British Columbia’s ‘first Indian-Chinese restaurant’ proudly serves up desi fare

RASHMEE ROSHAN LALL January 31, 2020

The sign outside the Green Lettuce, on Kingsway in eastern Vancouver, says it all: “Desi Chinese”. (Look to the far right on the red strip under the yellow shop sign.)

Extraordinary, I thought. In India, where all the Chinese food on offer is “Indian Chinese”, they don’t describe it that way. But they’re doing it here, in Vancouver.

Lucy Chang (nee Chung), formerly of Calcutta, tells me the story. The Green Lettuce, she says, caters to “Indians and Caucasians” all around Vancouver. It’s been around since 1999, offering a distinct, spicy, and very Indian style of Chinese food that the local Chinese community – Canada’s largest – disdains.

It’s a big hit, Mrs Chang adds, pointing proudly to a list of Bollywood stars on the front of the menu. “Choice of stars” says the Green Lettuce. The wording is ambiguous, suggesting that the restaurant might offer a choice of stars to sample. In actual fact, what it means is that Hrithik Roshan, Aishwarya Rai and the late Sridevi have frequented the Green Lettuce,  chowing down on fare familiar from home – Hakka noodles, chilli paneer, spicy eggplant and green beans, and much more.

Indian-style Chinese food has a market of its own, so much so that the Green Lettuce has another branch, in Surrey, which has a large Indian community.
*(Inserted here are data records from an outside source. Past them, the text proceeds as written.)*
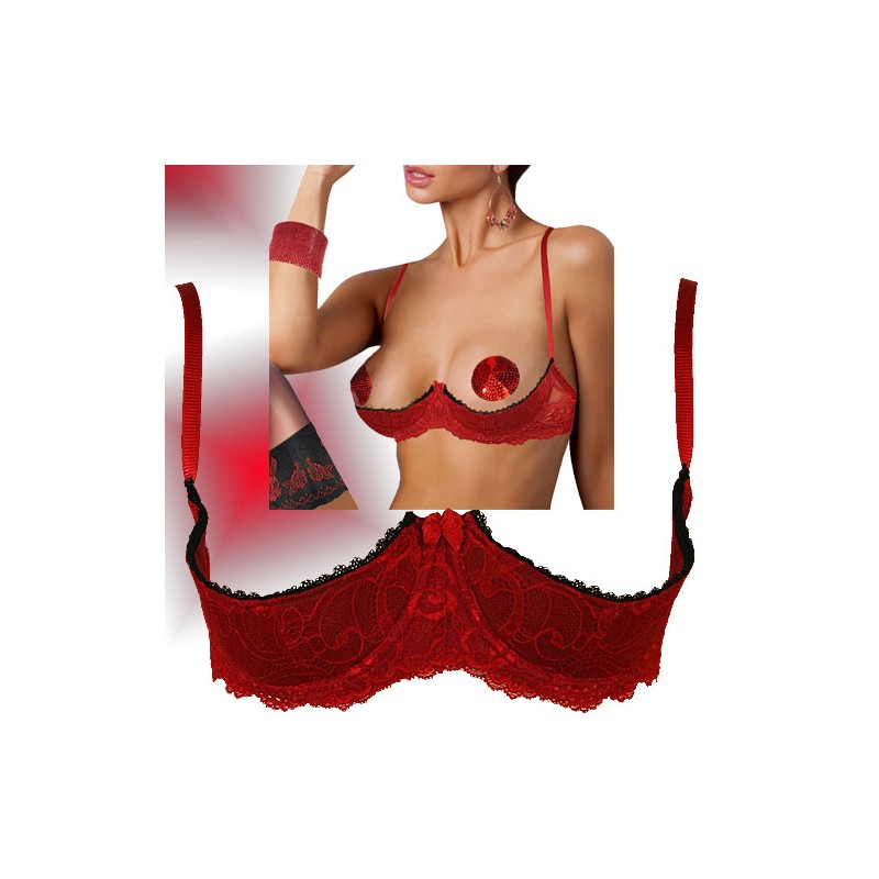 Raffiniertes Büstenhebe-BH Set aus zarter roter Spitze mit aufwendiger Blumenstickerei. Die Cups-Ouvert sind mit Bügeln unterlegt und mit schwarz- oder rotfarbigen Rüschen verziert. Angenehmes Material und hochwertige Verarbeitung. Passender String-Ouvert wird mitgeliefert. Edler Look mit sinnlischer Erotik!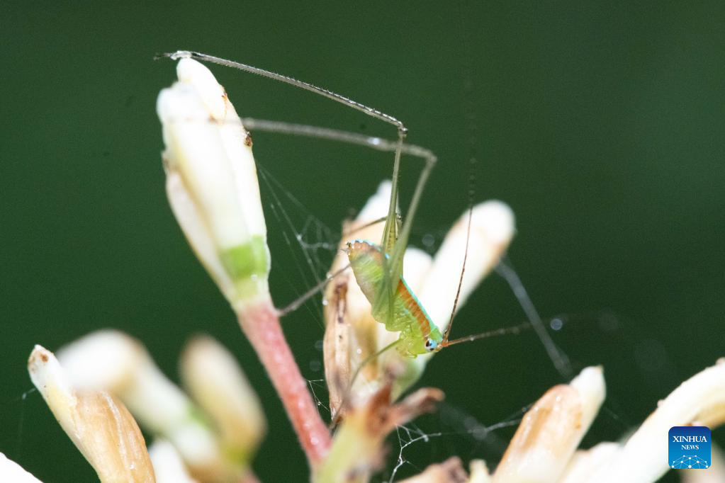 A long-horned grasshopper is seen in the Wuzhishan section of the Hainan Tropical Rainforest National Park in south China's Hainan Province, May 17, 2022. Wuzhishan section is a core part of the Hainan Tropical Rainforest National Park. The national park, covering 4,269 square km, is home to the most concentrated and well-preserved tropical rainforests in China. (Xinhua/Hu Zhixuan)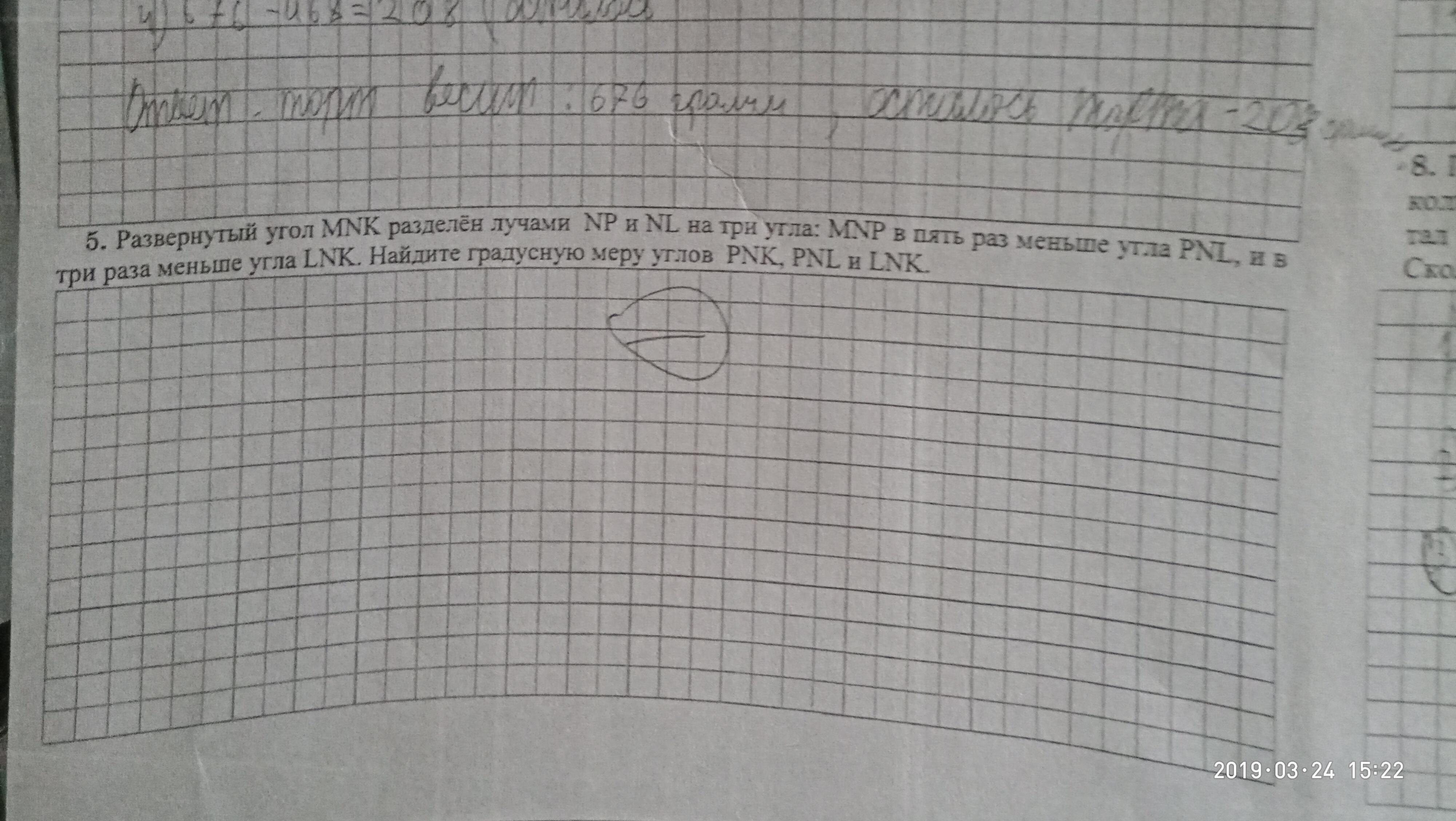 Пусть угол MNP - х. Тогда угол PNL - 5x а угол LNK - 3x. Развернутый угол = 180°.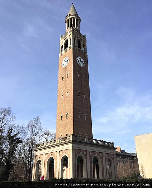 今日的教堂山北卡大學有將近三萬名學生, 其中一萬八千是大學部學生。這座鐘塔 Morehead-Paterson Bell Tower 高 52 公尺, 是校園內最醒目的建築物之一。

Mrs Chang speaks to me in Hindi as she explains how she wound up here in a “desi Chinese” restaurant in Vancouver. In Kolkata, her family was one of the hundreds of thousands who had migrated to India between the 17th and 19th century. “We speak a particular dialect, we are Hakka,” says Mrs Chang, adding that she visited her village, near Guangzhou in China, and was happy to be able to converse in the unique idiom of the Hakka people.

Now, the Indian-Chinese are scattered around the world, she adds, particularly the US, Canada, Europe, New Zealand and Australia. Mrs Chang’s own family is an example. “We are three sisters. One is in Vienna, Austria, the other in Sydney, Australia, and I left Kolkata 30 years ago to come here”.

She laughs. Then in Hindi: “Look how everyone’s different destiny took them to different places”.